Hot cornbread was one of my childhood favorites. This muffin version with a Southwest flavor that I devised is now my and my husband's favorite. —Sarah Hovley, Santa Cruz, California

Chile Corn Muffins

Chile Corn Muffins
Prep Time
15 min
Cook Time
20 min
Yield
about 1-1/2 dozen
Ingredients
- 2-1/2 cups all-purpose flour
- 1 cup yellow cornmeal
- 1/4 cup sugar
- 5 teaspoons baking powder
- 1-1/2 teaspoons salt
- 1 teaspoon chili powder
- 2 large eggs
- 1-1/2 cups 2% milk
- 2/3 cup canola oil
- 1/2 cup finely chopped onion
- 1 can (4 ounces) chopped green chiles, drained
Directions
- In a large bowl, combine the flour, cornmeal, sugar, baking powder, salt and chili powder. In a small bowl, beat the eggs; add milk, oil, onion and chiles.
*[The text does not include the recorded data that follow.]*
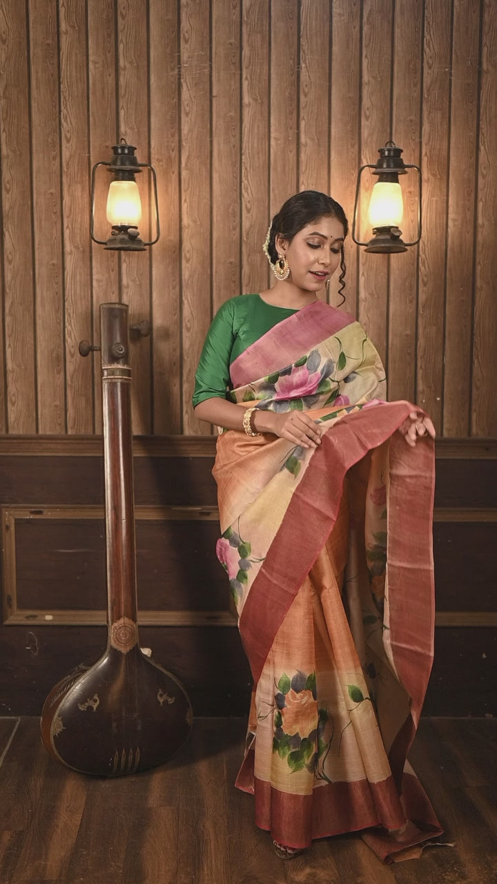 Shilpi || Apricot Brown & Multi-colour shaded Pure Tussar Handloom Silk Saree with Onion Pink-Gold Zari & Dark Dusty Pink-Copper Zari 'Ganga Jamuna' Border and Multi-colour Foral Hand Paint Body & Pallu
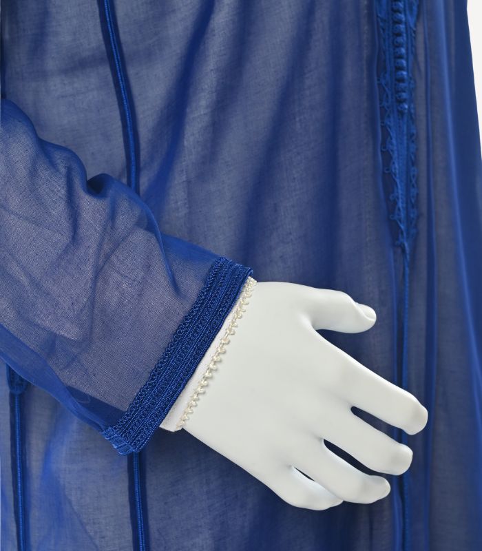 La pièce est entièrement sublimée par une couture à la main de luxe, exécutée avec précision par des artisans expérimentés. Le décor en sabra associée à la soie apporte éclat, profondeur et finesse au rendu final. La dfira baldiya br9i9, délicatement intégrée, souligne les lignes du caftan avec subtilité et équilibre.
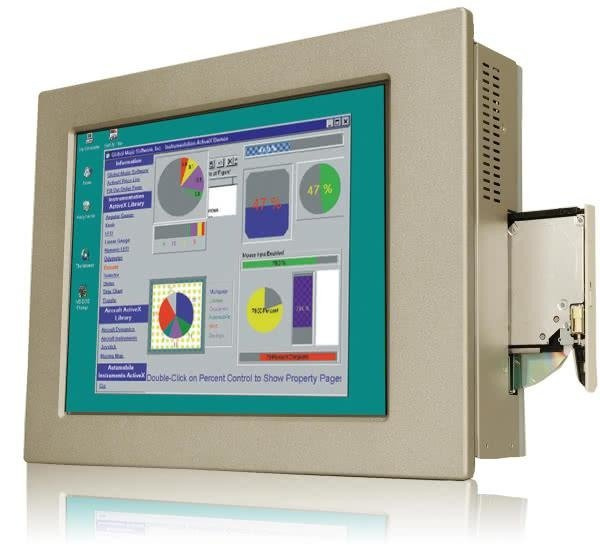 Wytrzymały aluminiowy przedni panel z rezystancyjnym (5-wire) ekranem 17", rozdzielczością 1280 x 1024 i jasnością 350cd/m2 wykonano zgodnie z normą IP66.
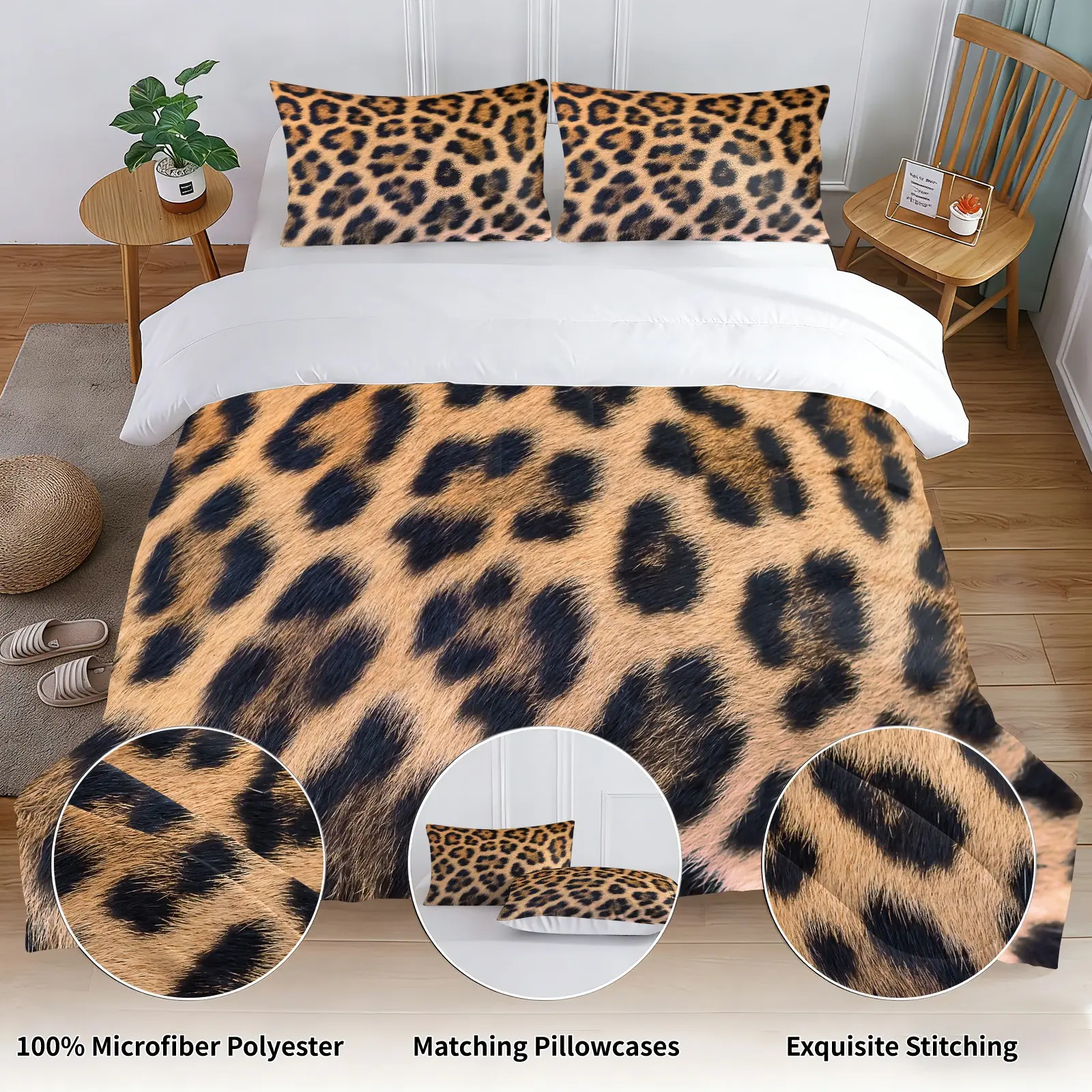 Leopard Print Comforter Set,Soft Microfiber Bedding Set with Pillowcases,Africa Leopard Pattern Duvet Set for Kids Boys Girls Children Women Bedroom Decorative,Full Size

Stir into dry ingredients just until moistened.
- Fill greased or paper-lined muffin cups two-thirds full. Bake at 400° for 20-25 minutes or until muffins test done. Serve warm.
Nutrition Facts
1 muffin: 198 calories, 10g fat (2g saturated fat), 26mg cholesterol, 352mg sodium, 24g carbohydrate (4g sugars, 1g fiber), 4g protein.